Ace coding interviews with Interview AiBoxInterview AiBox guidance for Math-driven solution strategy
Start by counting trailing zeros and separating the product into first and last significant digits. Use logarithmic or iterative math to handle large ranges without full multiplication. This ensures accurate abbreviation while avoiding overflow issues, matching the Math-driven solution strategy pattern precisely.
Problem Statement
Given two positive integers left and right where left is less than or equal to right, calculate the product of all integers in the inclusive range [left, right]. The result may be extremely large, so a standard integer calculation may not be feasible.

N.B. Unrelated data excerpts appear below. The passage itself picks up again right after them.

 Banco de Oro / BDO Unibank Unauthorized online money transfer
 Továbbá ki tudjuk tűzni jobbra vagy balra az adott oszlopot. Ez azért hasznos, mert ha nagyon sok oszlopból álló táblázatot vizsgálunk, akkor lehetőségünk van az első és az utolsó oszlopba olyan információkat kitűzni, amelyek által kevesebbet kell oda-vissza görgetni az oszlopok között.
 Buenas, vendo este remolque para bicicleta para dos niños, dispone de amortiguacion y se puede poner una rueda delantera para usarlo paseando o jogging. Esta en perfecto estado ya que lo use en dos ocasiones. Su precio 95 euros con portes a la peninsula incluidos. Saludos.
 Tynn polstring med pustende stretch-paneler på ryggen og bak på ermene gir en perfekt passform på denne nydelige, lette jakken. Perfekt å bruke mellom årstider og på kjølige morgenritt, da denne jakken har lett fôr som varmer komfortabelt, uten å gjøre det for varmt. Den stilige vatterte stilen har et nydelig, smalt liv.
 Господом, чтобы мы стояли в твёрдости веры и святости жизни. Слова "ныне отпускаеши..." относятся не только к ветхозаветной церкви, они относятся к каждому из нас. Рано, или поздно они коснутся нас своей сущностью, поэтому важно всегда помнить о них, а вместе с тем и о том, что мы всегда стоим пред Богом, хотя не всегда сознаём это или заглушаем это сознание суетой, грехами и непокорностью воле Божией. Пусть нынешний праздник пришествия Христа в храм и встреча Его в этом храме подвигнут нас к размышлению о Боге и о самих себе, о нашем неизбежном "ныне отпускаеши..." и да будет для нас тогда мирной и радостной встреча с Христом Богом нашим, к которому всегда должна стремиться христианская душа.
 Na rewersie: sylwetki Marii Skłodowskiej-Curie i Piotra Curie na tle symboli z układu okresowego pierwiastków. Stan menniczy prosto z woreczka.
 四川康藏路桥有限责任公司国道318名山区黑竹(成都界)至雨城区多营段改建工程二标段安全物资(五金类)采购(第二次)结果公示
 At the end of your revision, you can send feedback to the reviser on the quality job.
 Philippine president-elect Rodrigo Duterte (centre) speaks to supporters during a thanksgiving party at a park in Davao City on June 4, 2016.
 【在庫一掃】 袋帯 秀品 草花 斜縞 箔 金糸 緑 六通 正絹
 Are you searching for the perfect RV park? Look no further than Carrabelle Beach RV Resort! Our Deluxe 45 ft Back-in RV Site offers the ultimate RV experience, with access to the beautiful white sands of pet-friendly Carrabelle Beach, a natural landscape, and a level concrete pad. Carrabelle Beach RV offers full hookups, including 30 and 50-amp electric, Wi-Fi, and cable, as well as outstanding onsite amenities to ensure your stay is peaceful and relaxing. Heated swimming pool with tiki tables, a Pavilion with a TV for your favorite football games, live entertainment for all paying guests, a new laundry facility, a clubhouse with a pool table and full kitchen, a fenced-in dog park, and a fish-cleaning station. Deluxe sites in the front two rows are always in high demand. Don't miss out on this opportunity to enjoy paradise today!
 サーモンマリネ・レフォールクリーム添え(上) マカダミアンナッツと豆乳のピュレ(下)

Return a string representing the abbreviated product. Abbreviation involves removing trailing zeros, capturing the last few digits, determining the first few digits, and appending the count of removed zeros as an exponent, ensuring the representation is compact and precise.
Examples
Example 1
Input: left = 1, right = 4
Output: "24e0"
The product is 1 × 2 × 3 × 4 = 24. There are no trailing zeros, so 24 remains the same. The abbreviation will end with "e0". Since the number of digits is 2, which is less than 10, we do not have to abbreviate it further. Thus, the final representation is "24e0".
Example 2
Input: left = 2, right = 11
Output: "399168e2"
The product is 39916800. There are 2 trailing zeros, which we remove to get 399168. The abbreviation will end with "e2". The number of digits after removing the trailing zeros is 6, so we do not abbreviate it further. Hence, the abbreviated product is "399168e2".
Example 3
Input: left = 371, right = 375
Output: "7219856259e3"
The product is 7219856259000.
Constraints
- 1 <= left <= right <= 104
Solution Approach
Count trailing zeros
Iterate through the range and count factors of 5 and 2 to determine the number of trailing zeros. This separates the exponent portion from the significant digits for abbreviation.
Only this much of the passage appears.